娯楽でありつつギャンブル性も高めたパチンコやパチスロ。日本生産性本部の「レジャー白書2014」などによれば、2013年の売上高は前年比1.3%減の18兆8180億円。
ピーク時(1995年)の30兆9000億円に比べると、この18年間で12兆円も減少。参加人口も2900万人から減りつづけ、2013年にはついに1000万人を割り込み、ピーク時の3分の1となる970 万人になってしまった。
ところで、2013年のパチンコ利用者の1人あたり1回の平均利用金額は2660円で、年間7万3200円になる。それを高いと思うか、そうでないと思うかは当人次第。もちろん利用額が、負けた額ということではない。
一方、マスコミで大々的に報道され、気になる人も多いであろうギャンブル依存症。

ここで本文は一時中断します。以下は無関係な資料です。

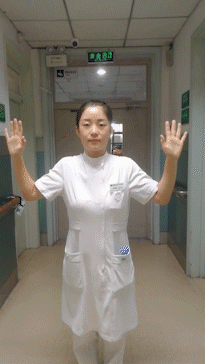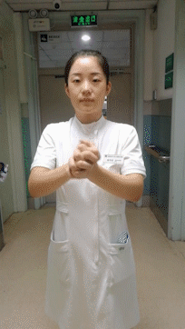 双手十指交叉握拳,顺时针转动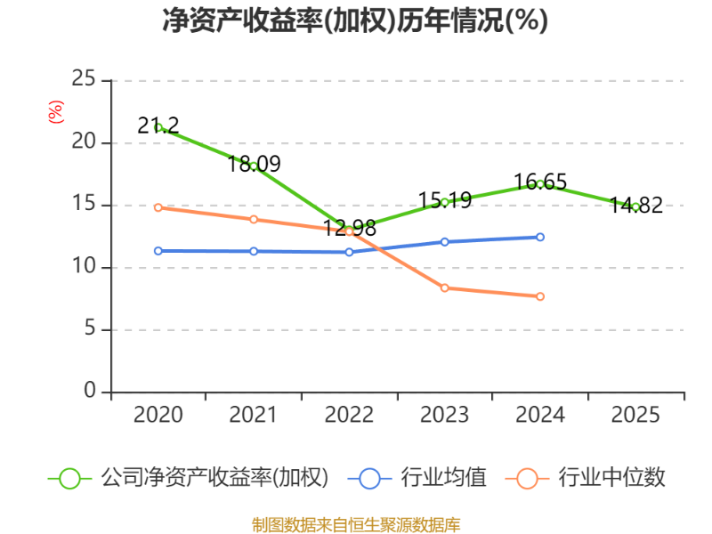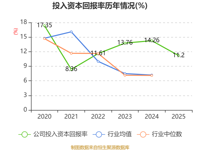 數(shù)據(jù)顯示,2025年公司加權(quán)平均凈資產(chǎn)收益率為14.82%,較上年同期下降1.83個(gè)百分點(diǎn)。公司2025年投入資本回報(bào)率為11.2%,較上年同期下降3.06個(gè)百分點(diǎn)。

厚生労働省研究班が8月に公表した調査結果(2013年7月実施)によれば、日本の成人の4.8%(男:8.7%、女:1.8%)、推計536 万人にギャンブル依存症の疑いがあるという。
調査年は国によって違うが、同じ方法でおこなわれた諸外国の調査結果ではオーストラリア(男:2.4%、女:1.2%)、米国(1.58%)、フランス(1.24%)、イギリス・韓国(0.8%)であり、日本の割合が突出している。
カジノを中心とする統合型リゾート施設(IR)整備推進法案は10月下旬、今国会成立が困難な情勢となった。カジノ法案の行方はともかく、ギャンブルは勝っても負けても、誰もが幸せに楽しめることが大切だ。